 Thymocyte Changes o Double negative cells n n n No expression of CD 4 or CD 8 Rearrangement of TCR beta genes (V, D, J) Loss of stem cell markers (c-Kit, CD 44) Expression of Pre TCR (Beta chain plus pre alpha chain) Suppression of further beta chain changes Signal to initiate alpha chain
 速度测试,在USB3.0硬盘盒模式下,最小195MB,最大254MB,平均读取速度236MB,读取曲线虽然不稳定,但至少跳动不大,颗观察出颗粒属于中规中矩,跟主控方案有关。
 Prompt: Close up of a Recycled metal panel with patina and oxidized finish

------

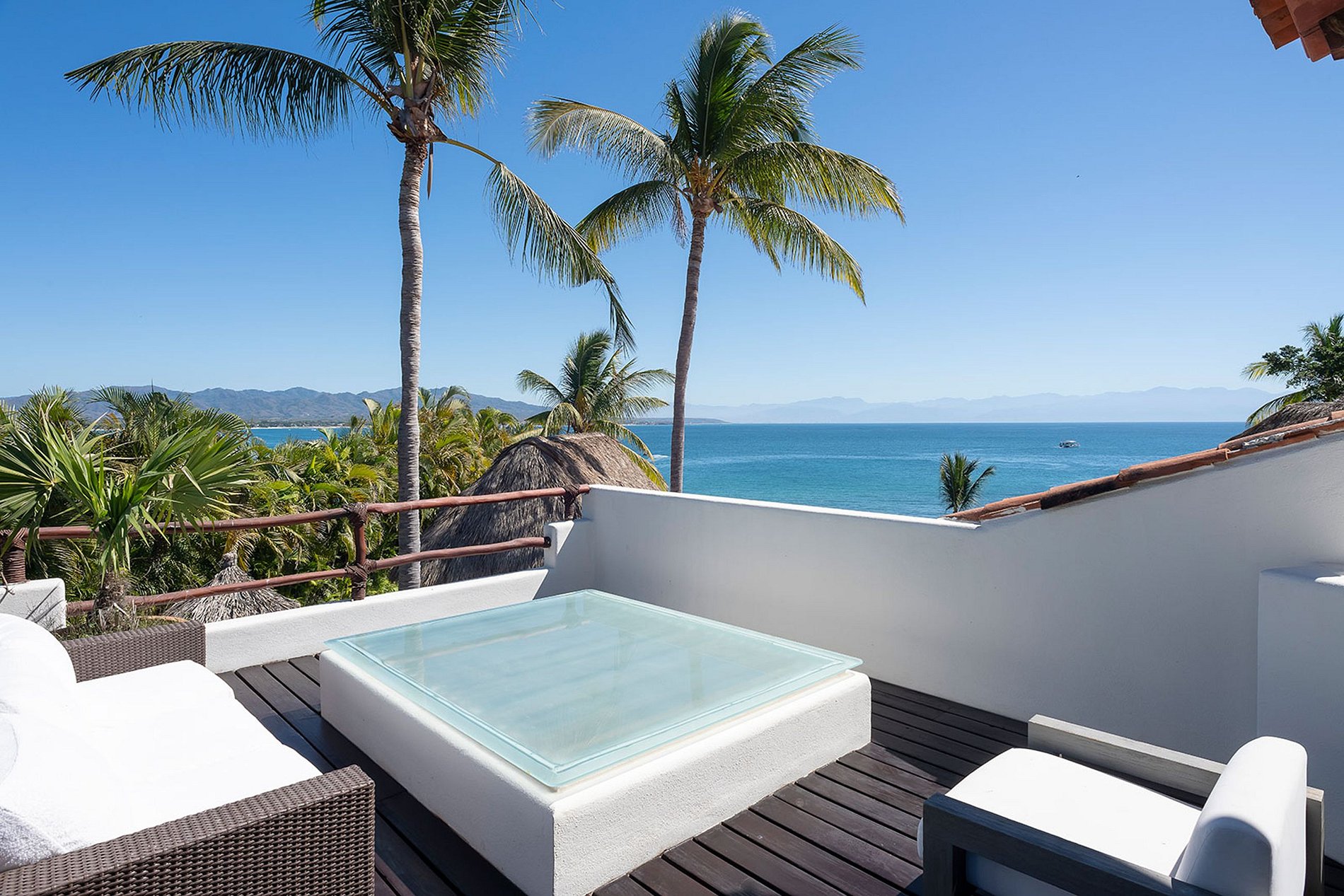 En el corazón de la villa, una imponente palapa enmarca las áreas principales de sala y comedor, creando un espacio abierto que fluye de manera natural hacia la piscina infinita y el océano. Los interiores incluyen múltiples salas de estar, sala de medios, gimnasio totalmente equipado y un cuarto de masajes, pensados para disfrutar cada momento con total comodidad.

------

Problem description: Return word for word the lines above from the line with "Thymocyte Changes o" to the line with "速度测试,在USB3.0硬盘", including both and leaving out all others.

Result of this exercise:
 Thymocyte Changes o Double negative cells n n n No expression of CD 4 or CD 8 Rearrangement of TCR beta genes (V, D, J) Loss of stem cell markers (c-Kit, CD 44) Expression of Pre TCR (Beta chain plus pre alpha chain) Suppression of further beta chain changes Signal to initiate alpha chain
 速度测试,在USB3.0硬盘盒模式下,最小195MB,最大254MB,平均读取速度236MB,读取曲线虽然不稳定,但至少跳动不大,颗观察出颗粒属于中规中矩,跟主控方案有关。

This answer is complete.